We recognize that your decision as to whether or not to Convert your Note into common stock has been further complicated by the fact that a public market for SQL’s s common stock has not been established as yet, and in the absence of such a market it is difficult to determine the value of the underlying common stock. Further, many of the Noteholders have expressed to the Company an interest in waiting a few months before determining whether to Convert or request Repayment.

 

Therefore, out of courtesy to investors’ requests, the Company is willing to provide a third option that would allow you to wait on taking any action in connection with your Note for a period of three months. This option would require that you forbear your right under Section 8(i) of the Note to declare an Event of Default during the period starting on November 27, 2015 and ending on February 26, 2016. During this period, you will have the right to either Convert or request Repayment at any time.
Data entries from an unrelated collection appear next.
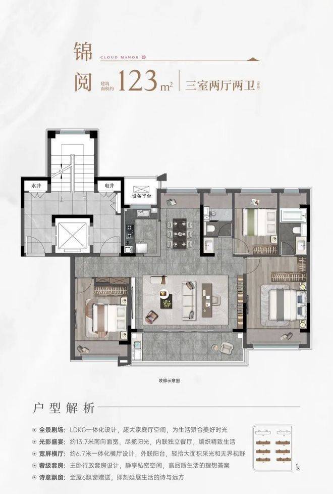 1、洋房:123㎡(6-7F)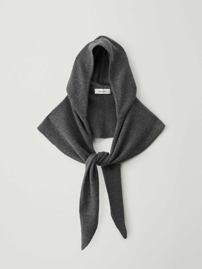 The Rina hooded scarf is knitted in a light 12gg plain-knit cashmere that can be worn up or down, tied and tucked under the collar. The slim ribbed trim frames the face and defines its silhouette.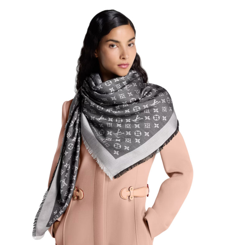 Ideal for everyday use, this luxuriously soft Monogram Denim shawl is subtle and very feminine. Entirely weaven in jacquard, it features the Louis Vuitton signature and the Monogram pattern.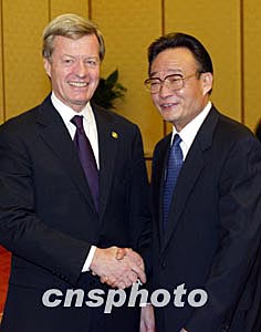 在會見美國參議員鮑克斯時,吳邦國說,中美關系總體發(fā)展良好,兩國領導人保持著密切對話與交往。雙方在經(jīng)貿(mào)、反恐、朝核等重要領域進行了有效的磋商、協(xié)調(diào)與合作。這符合中美兩國和兩國人民的根本利益,也有利于世界的和平、穩(wěn)定與發(fā)展。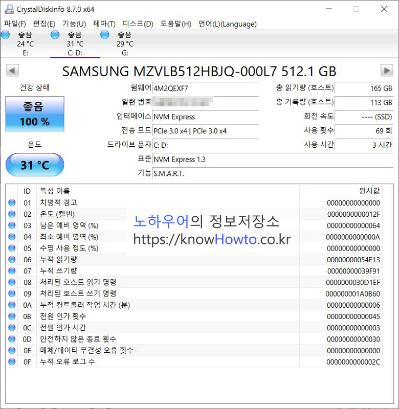 | 삼성 PM981a 512GB SSD 스펙 www.knowHowto.co.kr |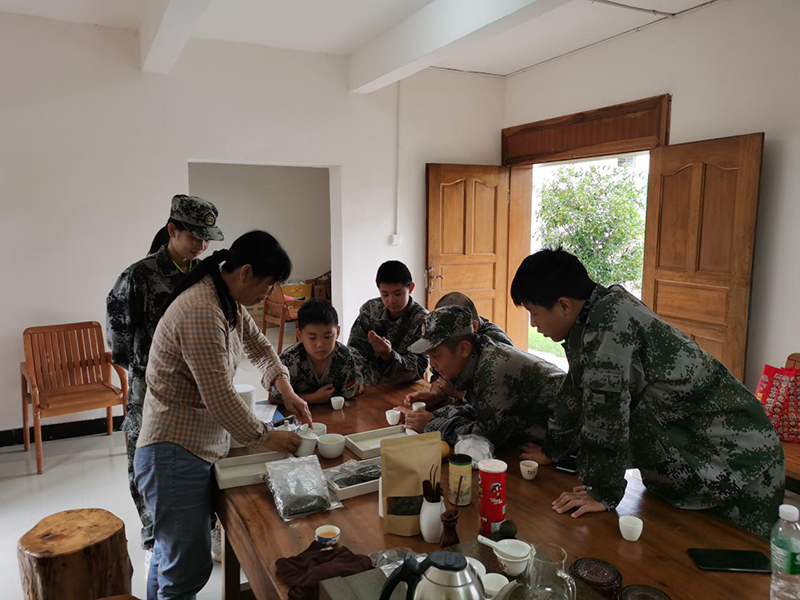 在茶課上,學(xué)員們跟隨老師學(xué)習(xí)茶葉制作、分類鑒別、泡茶禮儀等相關(guān)知識,并與制茶師傅一起參與制茶。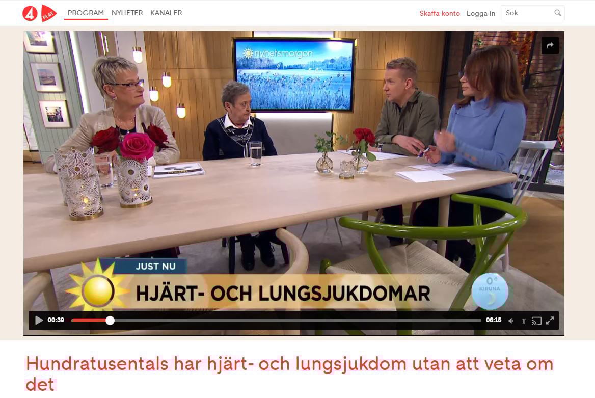 Inslag från Tv4 Nyhetsmorgon med HjärtLungs ordförande Inger Ros och med May-Britt Larsson, som h...

If you choose to take advantage of the third option, the Company shall make its November 26th interest payment to you on the date interest is due, and you will continue to accrue interest at your current interest rate thereafter until the earlier of your conversion of the Note, the Repayment of the Note or February 26, 2016.

 

Given the Thanksgiving Holiday next week, we are requesting that you please let us know your intentions no later than this Monday, November 23, 2015.

 

Please check one of the following:

 

____ Convert
____ Repayment (please provide payment instructions below)
____ Forbearance*

*We will provide a Forbearance Agreement.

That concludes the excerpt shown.